Cecily Spelling, of the 10:10 climate-change group, is managing a campaign to help schools raise money for solar panels. “The kids get very heavily involved in the fundraising and it really makes them think about the environment – to the point where they have told off head teachers for not turning off the lights in their offices,” she said.

“Then they go home and tell their parents they don’t need to boil a full kettle of water for one cup of tea. It’s quite inspiring and the parents take notice,” she added.

As a crucial UN gathering in Paris to tackle climate change is planned for December, Lord Stern’s new book Why Are We Waiting? The Logic, Urgency and Promise of Tackling Climate Change also calls for businesses and cities to put much more pressure on world leaders to create “political tipping points” for action.

No nature minister: Portfolio to be shared

Conservation groups are shocked that the government has not appointed a full-time minister for the natural environment.

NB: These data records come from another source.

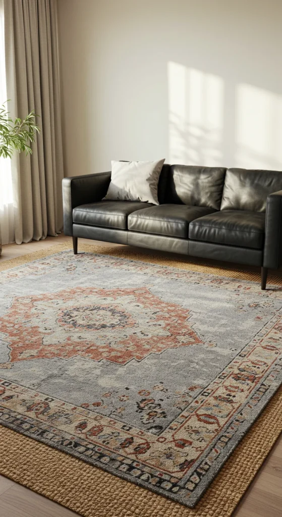 Layering rugs—such as a patterned rug over a jute base—creates dimension and anchors furniture arrangements.
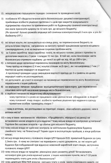 Также в коллективном обращении они раскритиковали Вознесенского городского голову Виталия Лукова за нарушения порядка созыва и проведения сессий, за лишение КП «Водоснабжение города Вознесенска» дешёвой электроэнергии, за трату денег на премии сотрудникам органам местного самоуправления и прочее.
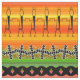 Stick figures "Line Dance" in rows with other shapes on a colourful gradient background.
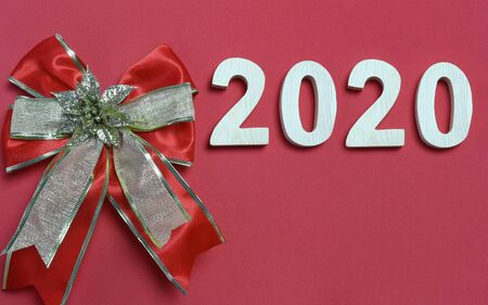 The inscription 2020 on a red Christmas background. Top view. Copy space. Flat lay.

Lord Gardiner has been made House of Lords’ spokesman for the Department for the Environment, Food and Rural Affairs (Defra) replacing Lord de Mauley, who combined the post with being natural environment minister.

But Lord Gardiner is already juggling his new post with being deputy chief whip for the Lords. This will mean his nature portfolio will be much smaller than Lord de Mauley’s – with the remainder being shared between other Defra ministers.